TASK STATEMENT
Every line from the top of the records below through the one containing "Продаётся 1-комнатная квартира" must be copied exactly, and the pictures must not be.

DATASET EXCERPTS
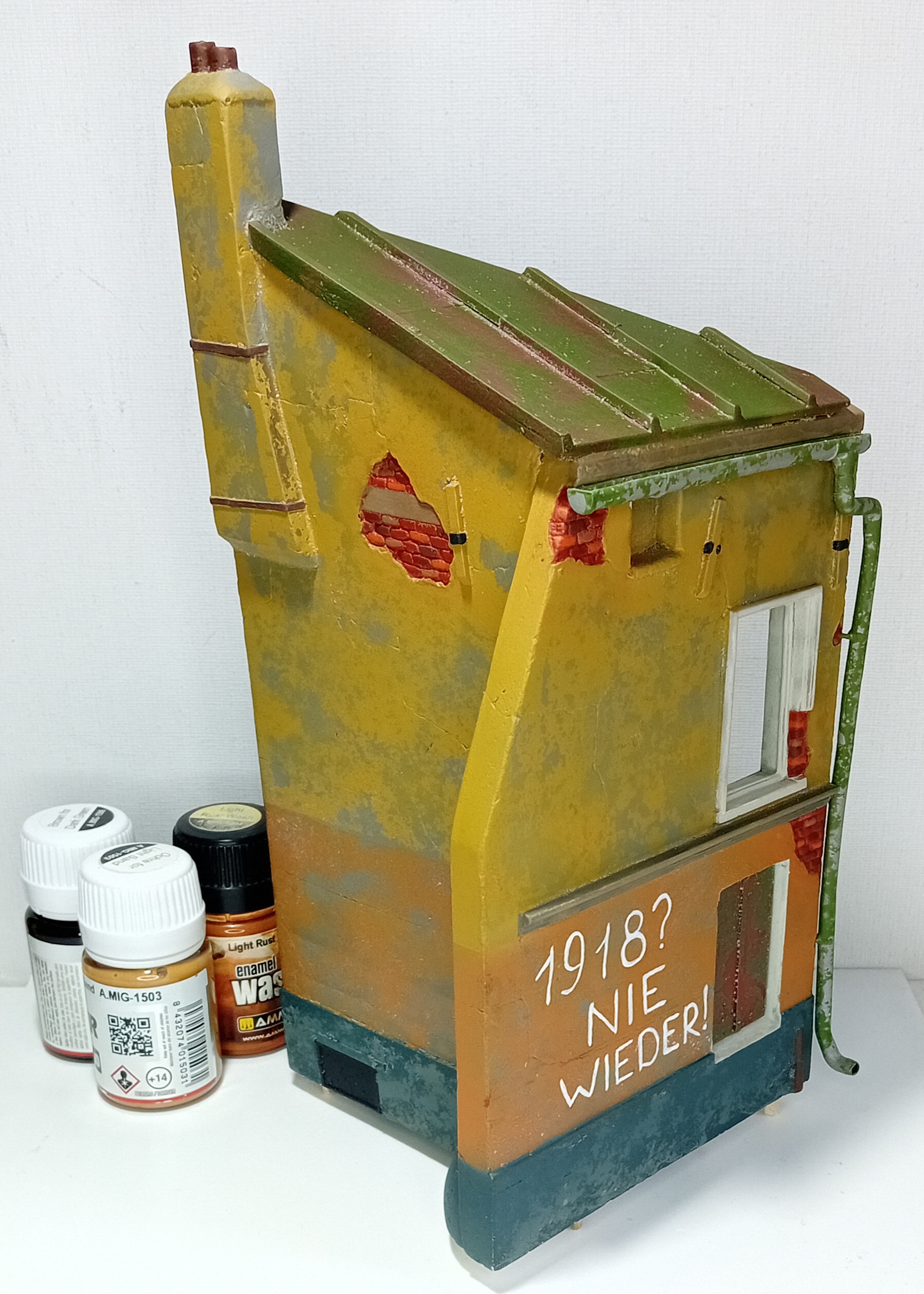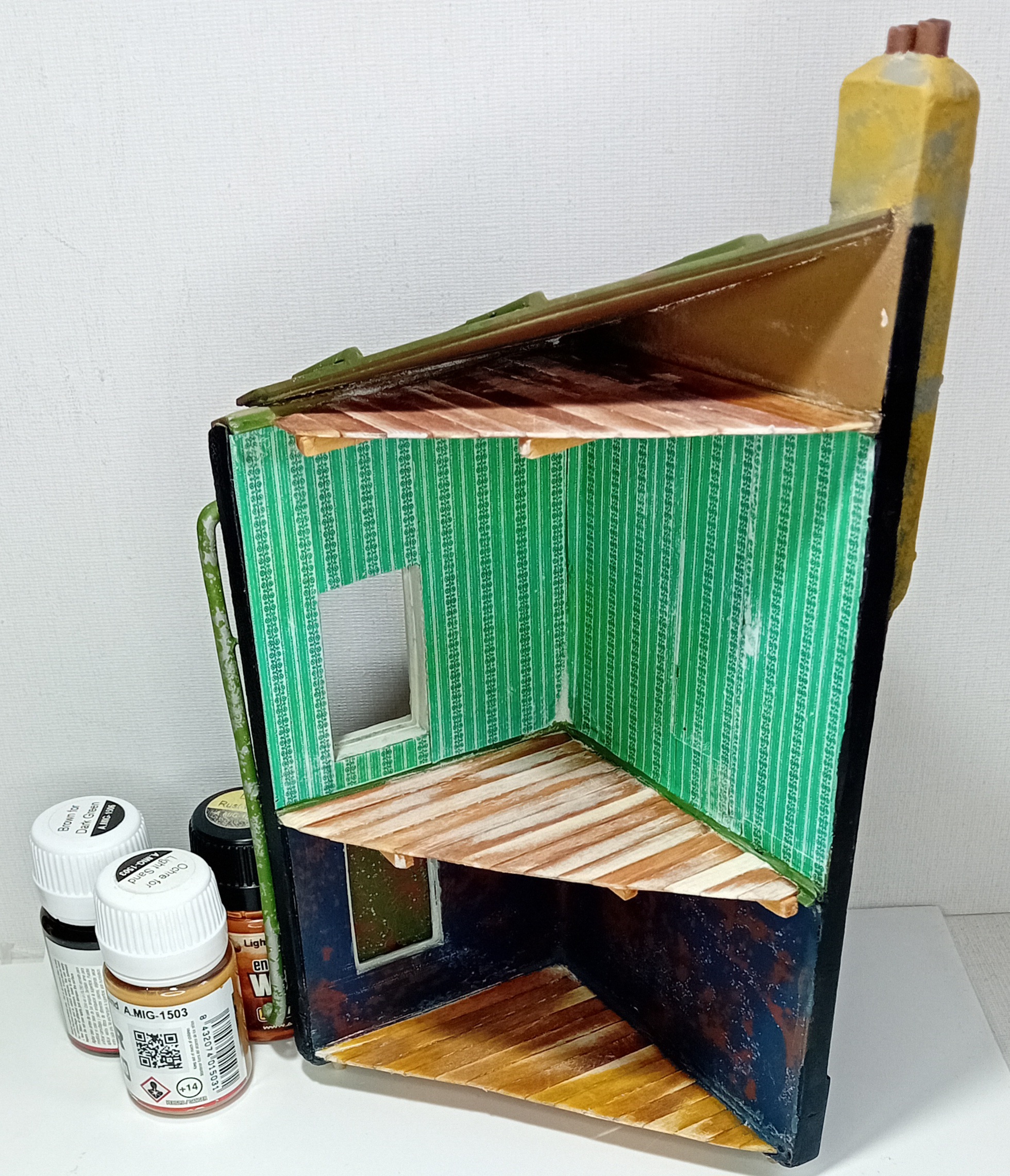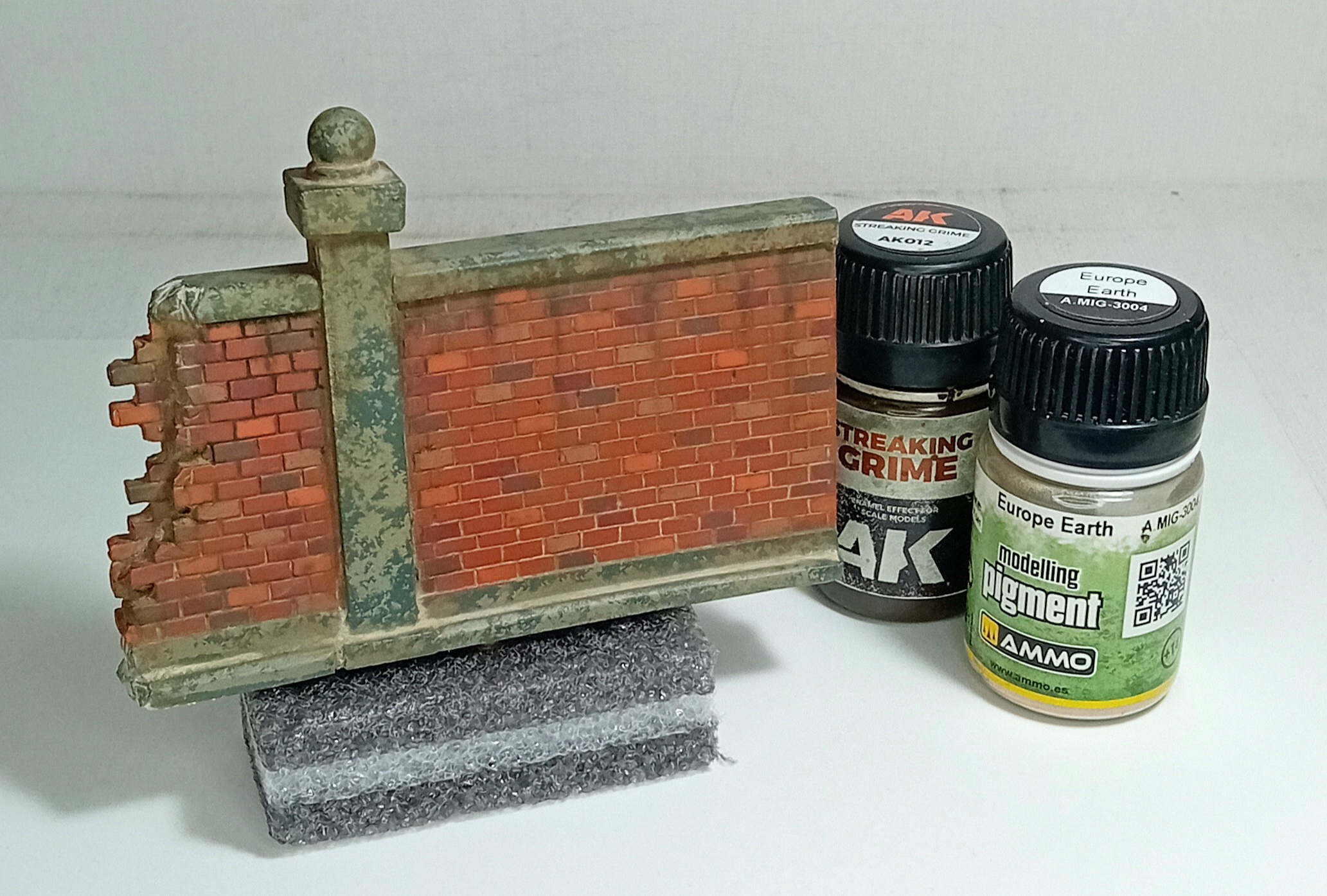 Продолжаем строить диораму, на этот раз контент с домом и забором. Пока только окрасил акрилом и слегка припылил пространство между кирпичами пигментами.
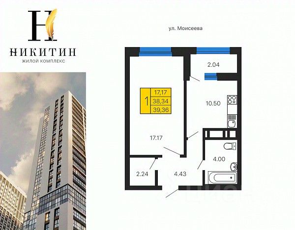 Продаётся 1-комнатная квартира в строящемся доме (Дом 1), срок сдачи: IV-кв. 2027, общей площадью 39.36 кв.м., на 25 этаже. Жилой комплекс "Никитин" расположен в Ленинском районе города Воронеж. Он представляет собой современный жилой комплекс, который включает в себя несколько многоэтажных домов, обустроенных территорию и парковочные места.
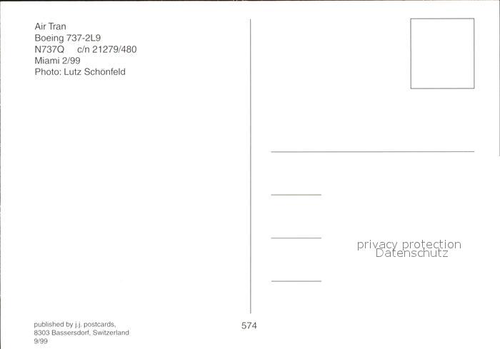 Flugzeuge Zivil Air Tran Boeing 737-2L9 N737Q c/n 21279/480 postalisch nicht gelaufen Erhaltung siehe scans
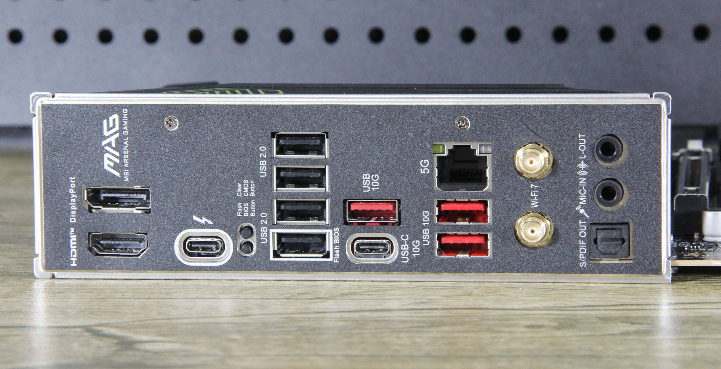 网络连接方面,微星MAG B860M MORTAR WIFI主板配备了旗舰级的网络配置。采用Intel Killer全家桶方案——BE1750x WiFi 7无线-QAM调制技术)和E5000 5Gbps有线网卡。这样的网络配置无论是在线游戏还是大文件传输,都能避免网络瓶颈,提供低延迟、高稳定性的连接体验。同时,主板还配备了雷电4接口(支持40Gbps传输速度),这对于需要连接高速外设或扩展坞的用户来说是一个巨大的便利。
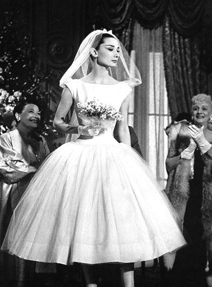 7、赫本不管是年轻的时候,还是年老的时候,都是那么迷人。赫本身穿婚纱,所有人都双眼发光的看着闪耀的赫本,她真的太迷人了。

ANSWER SECTION
 Продолжаем строить диораму, на этот раз контент с домом и забором. Пока только окрасил акрилом и слегка припылил пространство между кирпичами пигментами.
 Продаётся 1-комнатная квартира в строящемся доме (Дом 1), срок сдачи: IV-кв. 2027, общей площадью 39.36 кв.м., на 25 этаже. Жилой комплекс "Никитин" расположен в Ленинском районе города Воронеж. Он представляет собой современный жилой комплекс, который включает в себя несколько многоэтажных домов, обустроенных территорию и парковочные места.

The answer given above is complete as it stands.